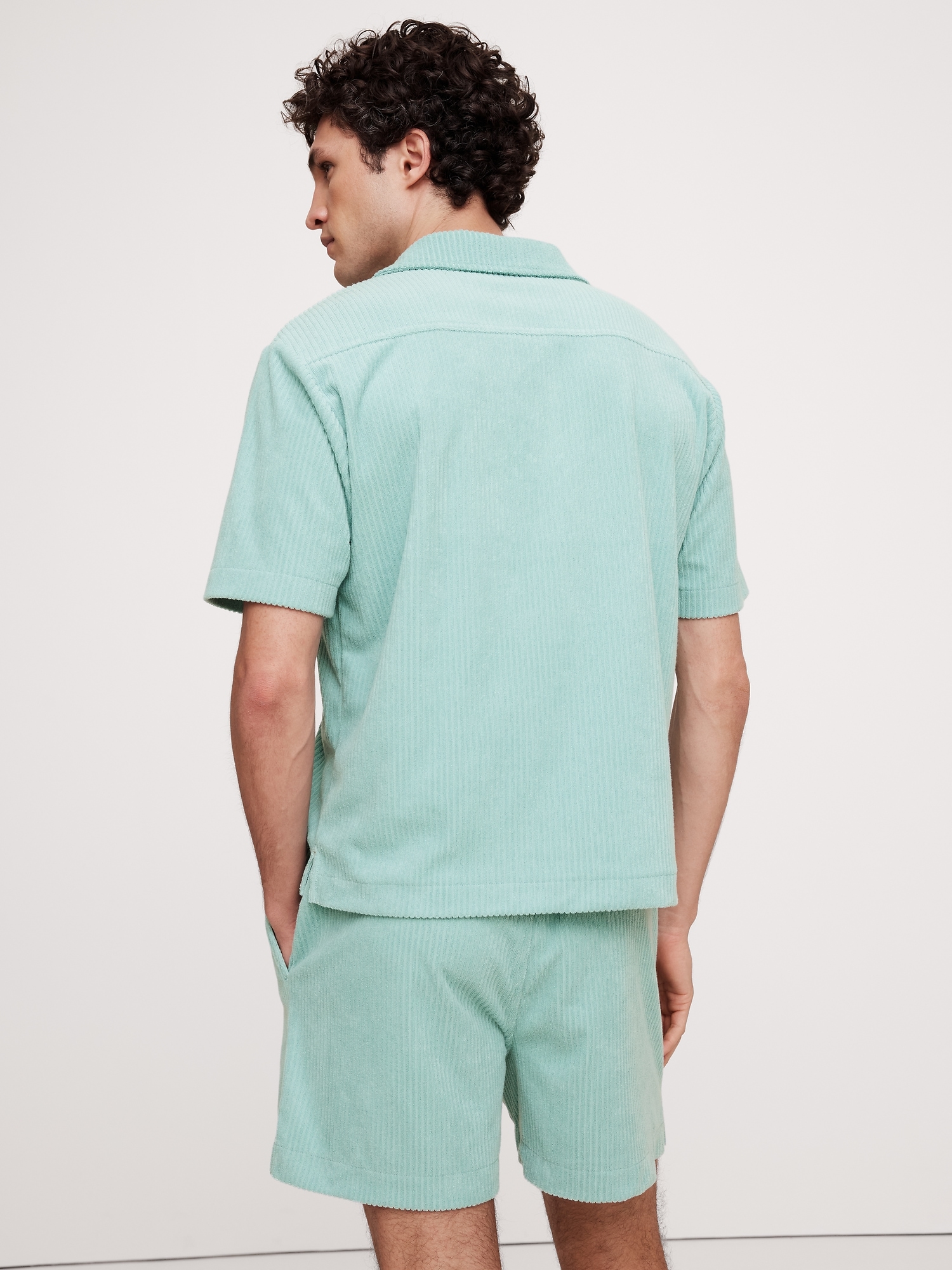 Pro tip: looks great poolside. This terry polo is made for warm-weather in a toweling ribbed fabric. Make it a set with the matching shorts.
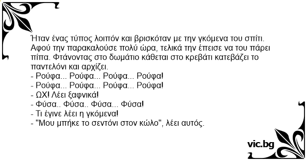 Ήταν ένας τύπος λοιπόν και βρισκόταν με την γκόμενα του σπίτι. Αφού την παρακαλούσε πολύ ώρα, τελικά την έπεισε να του πάρει πίπα. Φτάνοντας στο δωμάτιο κάθεται στο κρεβάτι κατεβάζει το παντελόνι και αρχίζει.
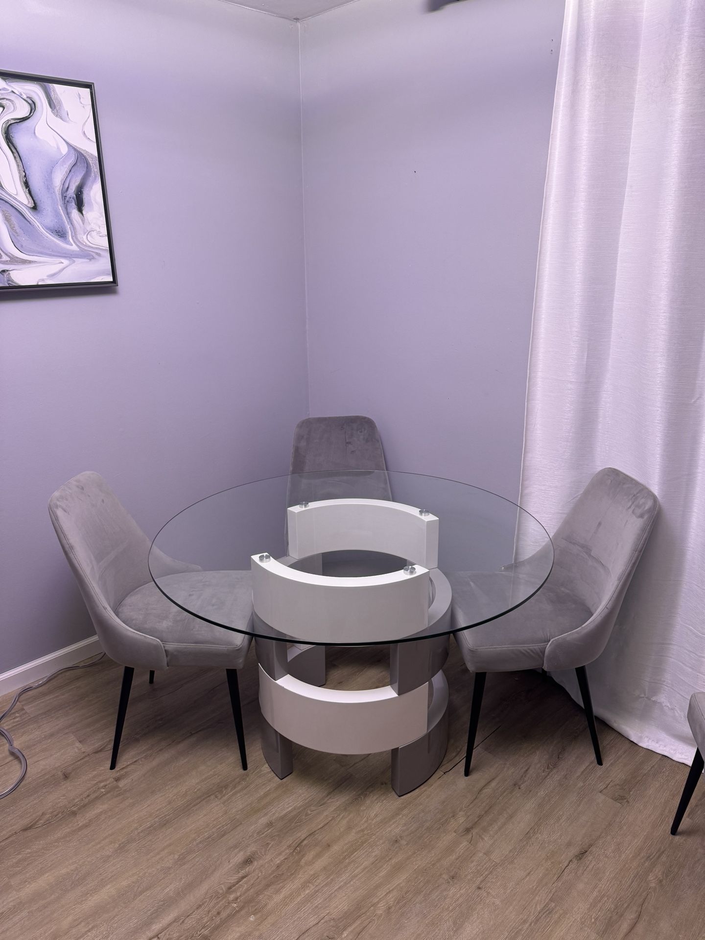 48-Inch Round 10mm Thick Tempered Glass Top. Comes with 4 chairs, light gray velvet fabric. Unique Gray and White base! Base and glass top can be disassembled for transport. 2 Chairs do have a few small bite marks from cats but no significant damage. no problems with it at all, we just don’t use it very often and would like the space instead! Delivery available for additional fee, fee depending on distance.
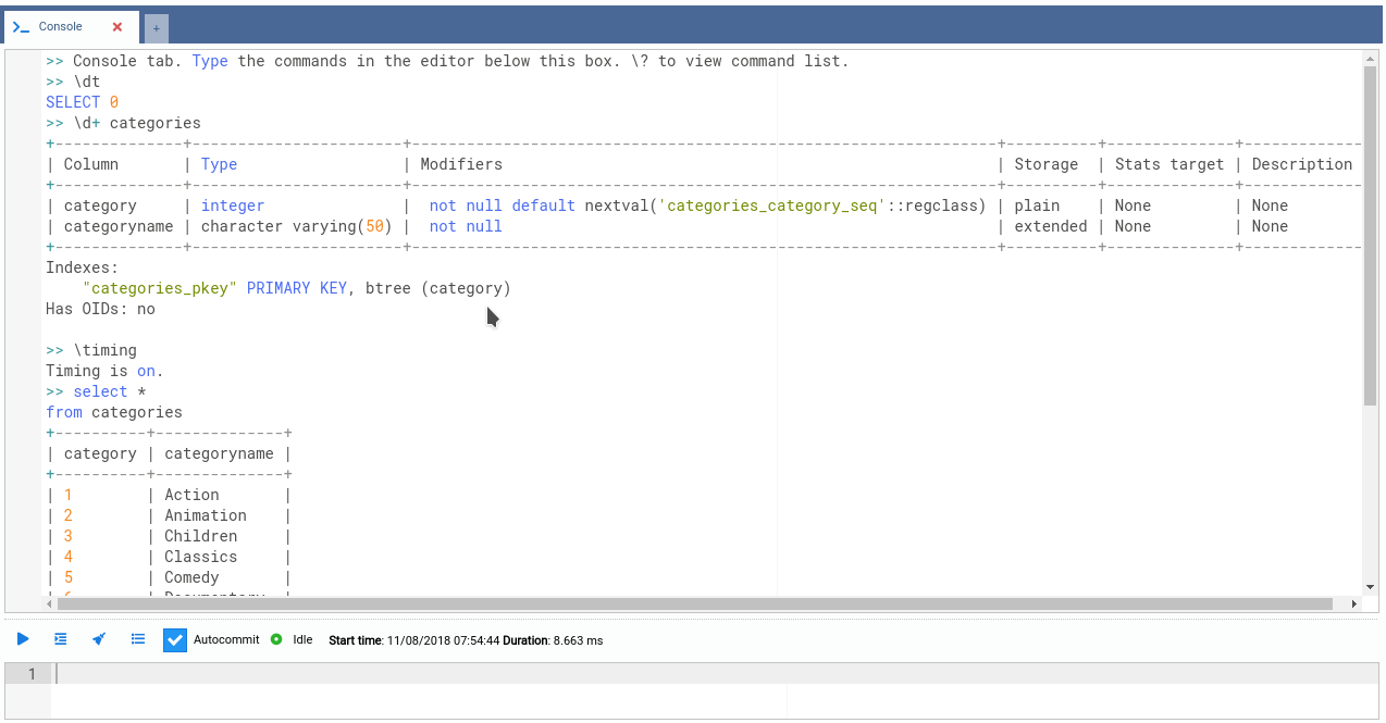 fact, many of the backslash commands Console Tab provides are present in psql.
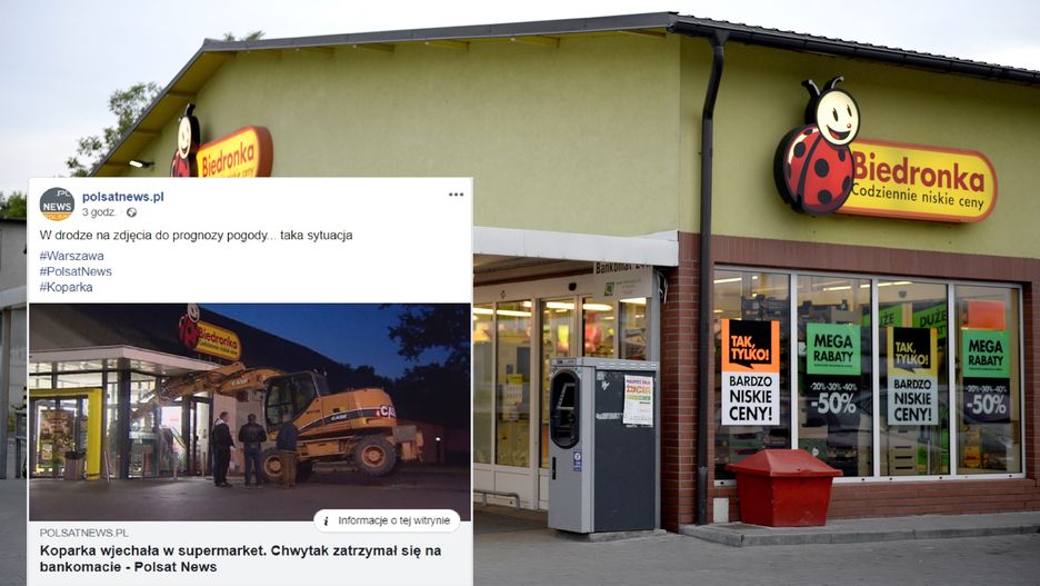 O niecodziennej sytuacji jako pierwsi poinformowali dziennikarze Polsat News. W drodze na zdjęcia dostrzegli koparkę wbitą w ścianę supermarketu. Na nagraniu widać, że łyżka przebiła szybę, wbiła się do środka i zatrzymała tuż obok bankomatu.
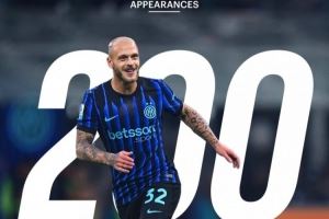 国米官推为其晒出纪念海报,并配文:“200场比赛,无限的激情!”
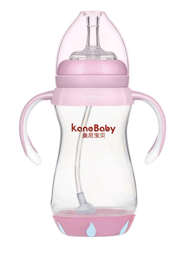 • 康尼宝贝弧形宽口有柄自动防爆玻璃奶瓶180ml 红色
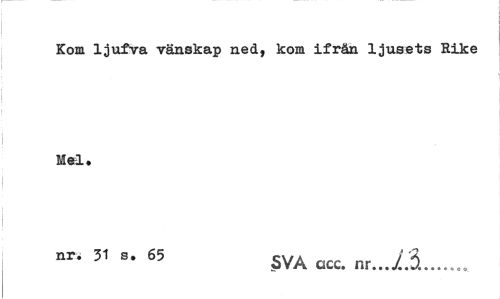 //// Kom ljufva vänskap ned, kom ifrån ljusets Eike MeiL. //// nr* 31 s* 65 SVA ccc. ////
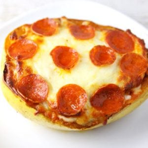 These Spaghetti Squash Pizza Boats are super fun to make! You can add any of your favorite pizza toppings you like! We made a pepperoni as well as a Margherita pizza.
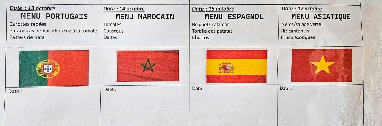Dans le cadre de la semaine du goût, du 13 au 17 octobre, la cantine proposera des menus typiques de certains pays.
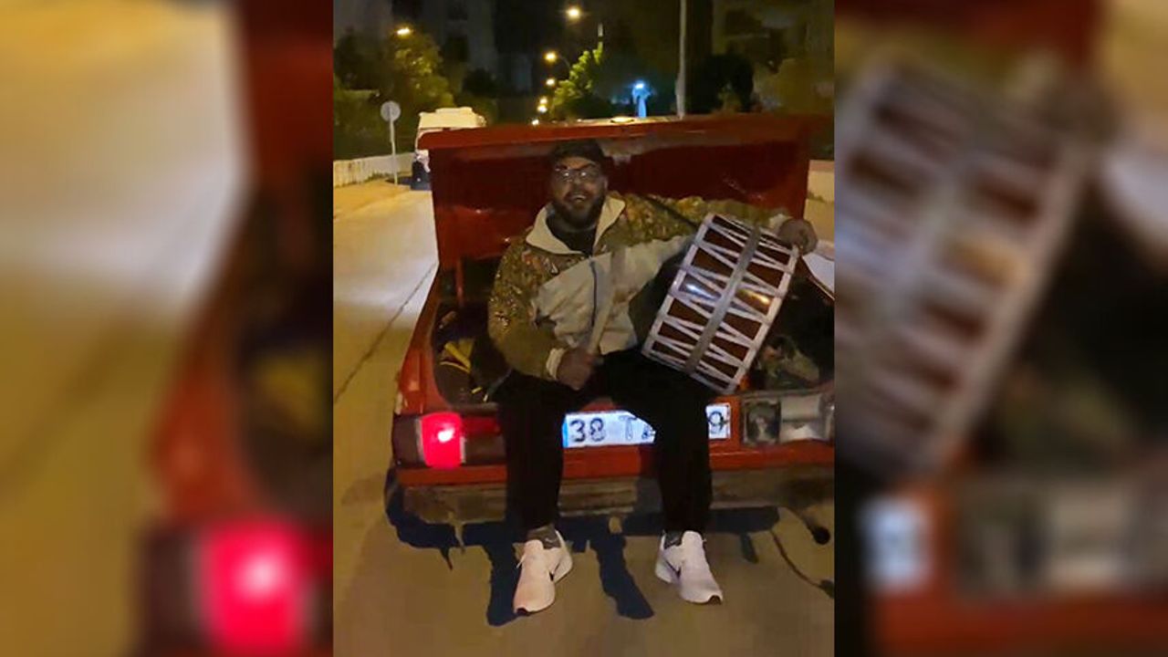 Arkadaşının kullandığı otomobilin bagajına oturdu; hem davul çaldı, hem de maniler
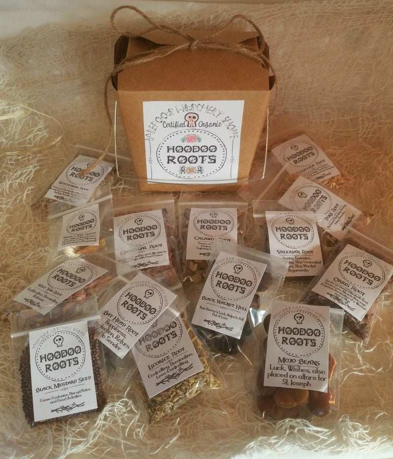 Hoodoo Roots Box, from the Barefoot Witchery Shoppe's Organic Herbal Apothecary. 15 roots/seeds/beans are included in this set. Each comes in a resealable 2" x 3" bag (unless size is otherwise noted in the following listing.) and they are all packaged in a 4"x6" Kraft paper Chinese takeout box. This set would be a great starter kit for someone...
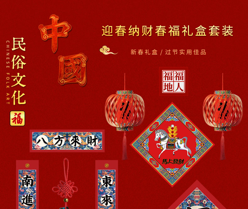 福人福地(FURENFUDI) 春节礼物马年迎春纳财春福礼盒套装 CK.25.01.01 19件 红色(单位:套)
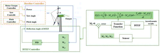 The main control system for the wind turbine used the baseline controller system provided for the NREL 5 MW reference wind turbine. The DTEF control system was completely independent of the main control system of the wind turbine. With a classic PID controller, it reduced the fluctuation in the measured root bending moment (My1) on the turbine blade by adjusting the deflection angle of the DTEF. This control approach was employed to achieve closed-loop control of the blade load.
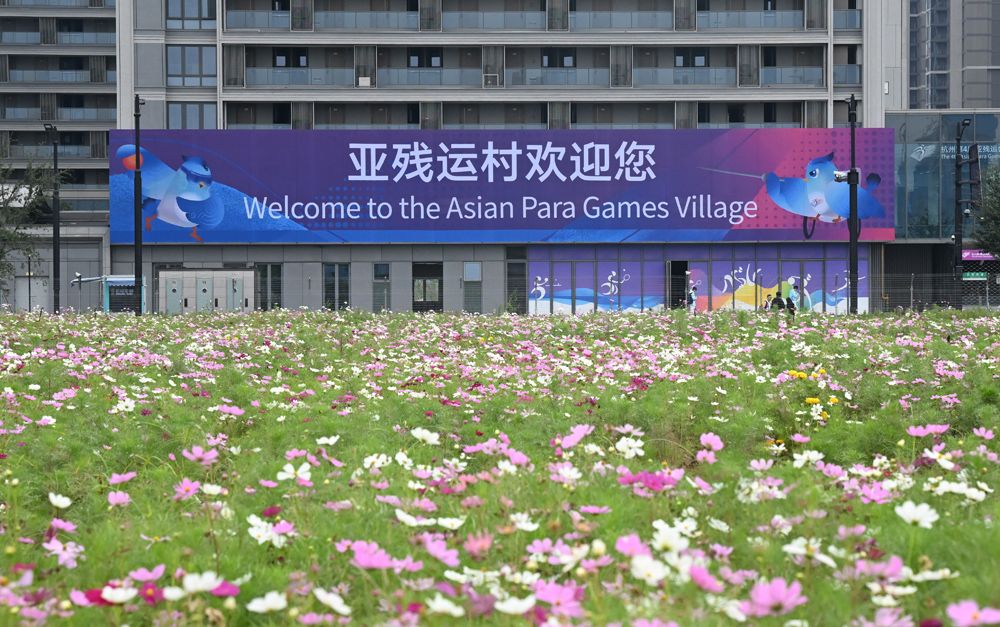 亚残运村由杭州亚运村媒体村转换而来,地上建筑面积72.2万平方米,赛时可为代表团提供3446套住宿房间,根据赛时运行划分为国际区、居住区和运行区。图为杭州亚残运村10月14日预开村,亚残运村外鲜花盛开。
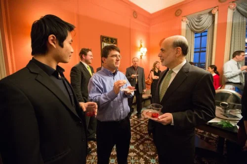 Photo of Miles telling Yang Liu and Ben Bernanke how good the hors d’oeuvres are and how to eliminate the zero lower bound when Ben Bernanke came to give a talk at the University of Michigan on January 14, 2013
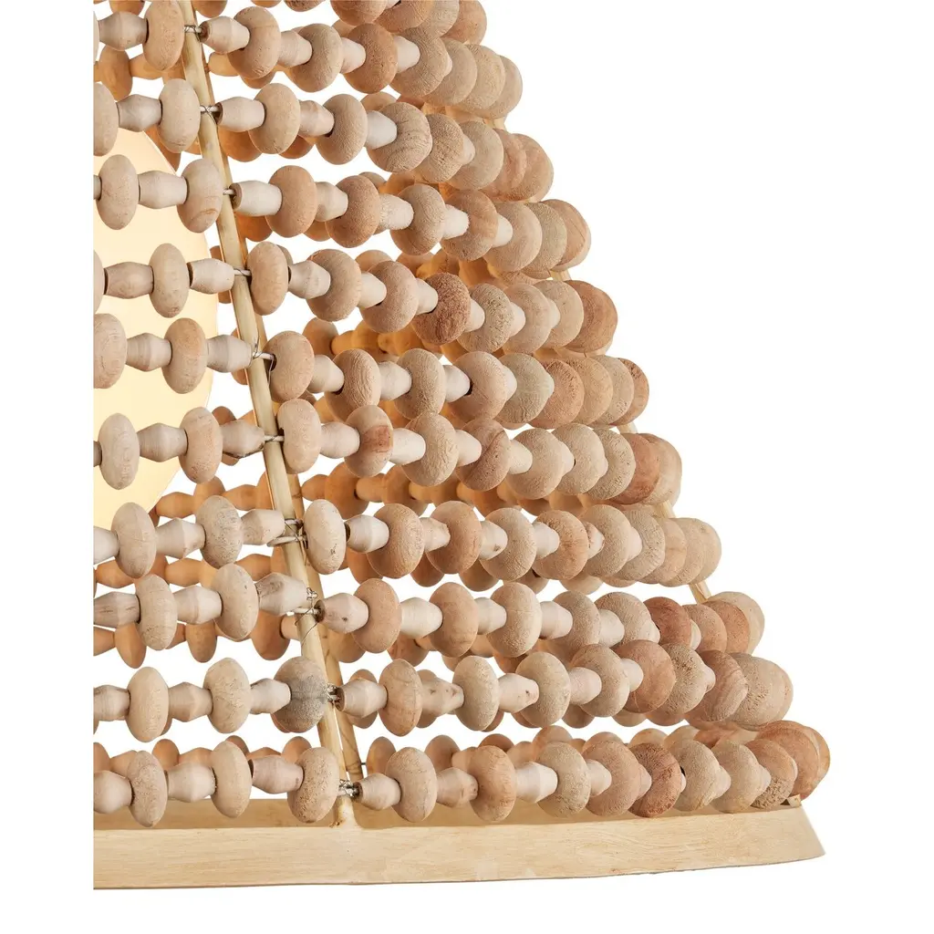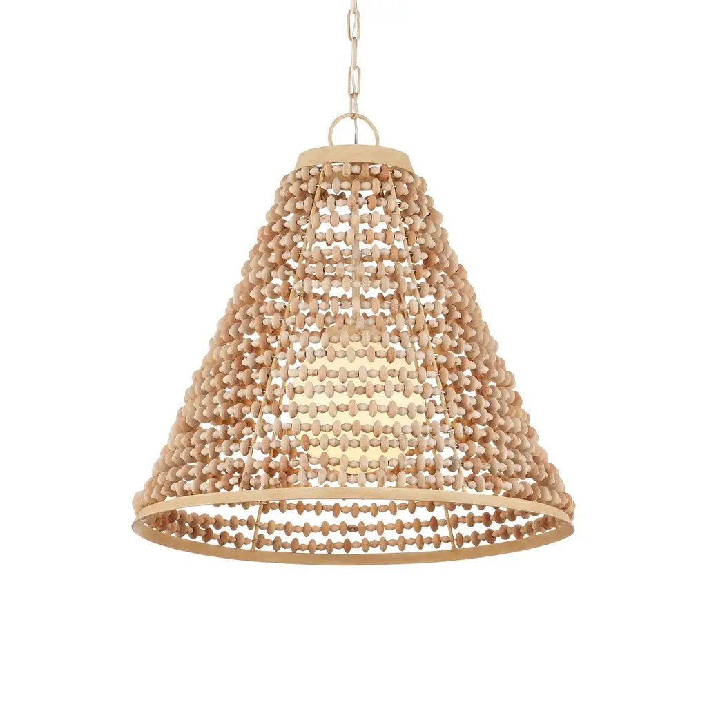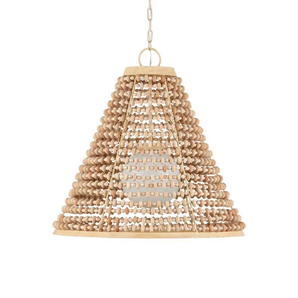 A design detail of note on the bell-shaped Pendulum Pendant are the varying sizes and shapes of the wood beads and how they are strung in tandem. Elongated round shapes are interspersed with rhombus-shaped beads to make this an artful creation. The Coco Cream finish on the metal is perfectly in sync with the natural hues in the wood on this bohemian-inspired piece.
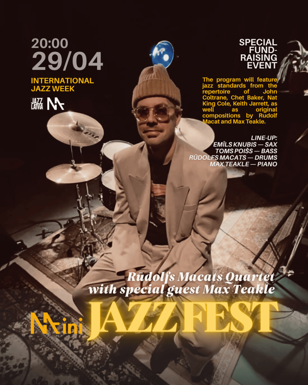 Вечер, который состоится накануне Международного дня джаза, объединит музыкантов, познакомившихся на джеме в MASA и продолживших музыкальный диалог. В программе прозвучат джазовые стандарты из репертуара Джона Колтрейна, Чета Бейкера, Нэта Кинга Коула, Кита Джарретта, а также оригинальные композиции Рудольфа Макатса и Макса Тикла.
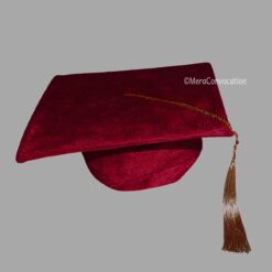 Dark Maroon Matte Velvet Graduation Gown & Cap! We use the best quality premium velvet fabric along with the Golden stitched jari border to make a complete graduation robe.

--------------------------------

## About this task
From the first line to the last, please copy the data exactly, with the pictures left out.

## Problem solution
 Pro tip: looks great poolside. This terry polo is made for warm-weather in a toweling ribbed fabric. Make it a set with the matching shorts.
 Ήταν ένας τύπος λοιπόν και βρισκόταν με την γκόμενα του σπίτι. Αφού την παρακαλούσε πολύ ώρα, τελικά την έπεισε να του πάρει πίπα. Φτάνοντας στο δωμάτιο κάθεται στο κρεβάτι κατεβάζει το παντελόνι και αρχίζει.
 48-Inch Round 10mm Thick Tempered Glass Top. Comes with 4 chairs, light gray velvet fabric. Unique Gray and White base! Base and glass top can be disassembled for transport. 2 Chairs do have a few small bite marks from cats but no significant damage. no problems with it at all, we just don’t use it very often and would like the space instead! Delivery available for additional fee, fee depending on distance.
 fact, many of the backslash commands Console Tab provides are present in psql.
 O niecodziennej sytuacji jako pierwsi poinformowali dziennikarze Polsat News. W drodze na zdjęcia dostrzegli koparkę wbitą w ścianę supermarketu. Na nagraniu widać, że łyżka przebiła szybę, wbiła się do środka i zatrzymała tuż obok bankomatu.
 国米官推为其晒出纪念海报,并配文:“200场比赛,无限的激情!”
 • 康尼宝贝弧形宽口有柄自动防爆玻璃奶瓶180ml 红色
 //// Kom ljufva vänskap ned, kom ifrån ljusets Eike MeiL. //// nr* 31 s* 65 SVA ccc. ////
 These Spaghetti Squash Pizza Boats are super fun to make! You can add any of your favorite pizza toppings you like! We made a pepperoni as well as a Margherita pizza.
Dans le cadre de la semaine du goût, du 13 au 17 octobre, la cantine proposera des menus typiques de certains pays.
 Arkadaşının kullandığı otomobilin bagajına oturdu; hem davul çaldı, hem de maniler
 Hoodoo Roots Box, from the Barefoot Witchery Shoppe's Organic Herbal Apothecary. 15 roots/seeds/beans are included in this set. Each comes in a resealable 2" x 3" bag (unless size is otherwise noted in the following listing.) and they are all packaged in a 4"x6" Kraft paper Chinese takeout box. This set would be a great starter kit for someone...
 福人福地(FURENFUDI) 春节礼物马年迎春纳财春福礼盒套装 CK.25.01.01 19件 红色(单位:套)
 The main control system for the wind turbine used the baseline controller system provided for the NREL 5 MW reference wind turbine. The DTEF control system was completely independent of the main control system of the wind turbine. With a classic PID controller, it reduced the fluctuation in the measured root bending moment (My1) on the turbine blade by adjusting the deflection angle of the DTEF. This control approach was employed to achieve closed-loop control of the blade load.
 亚残运村由杭州亚运村媒体村转换而来,地上建筑面积72.2万平方米,赛时可为代表团提供3446套住宿房间,根据赛时运行划分为国际区、居住区和运行区。图为杭州亚残运村10月14日预开村,亚残运村外鲜花盛开。
 Photo of Miles telling Yang Liu and Ben Bernanke how good the hors d’oeuvres are and how to eliminate the zero lower bound when Ben Bernanke came to give a talk at the University of Michigan on January 14, 2013
 A design detail of note on the bell-shaped Pendulum Pendant are the varying sizes and shapes of the wood beads and how they are strung in tandem. Elongated round shapes are interspersed with rhombus-shaped beads to make this an artful creation. The Coco Cream finish on the metal is perfectly in sync with the natural hues in the wood on this bohemian-inspired piece.
 Вечер, который состоится накануне Международного дня джаза, объединит музыкантов, познакомившихся на джеме в MASA и продолживших музыкальный диалог. В программе прозвучат джазовые стандарты из репертуара Джона Колтрейна, Чета Бейкера, Нэта Кинга Коула, Кита Джарретта, а также оригинальные композиции Рудольфа Макатса и Макса Тикла.
 Dark Maroon Matte Velvet Graduation Gown & Cap! We use the best quality premium velvet fabric along with the Golden stitched jari border to make a complete graduation robe.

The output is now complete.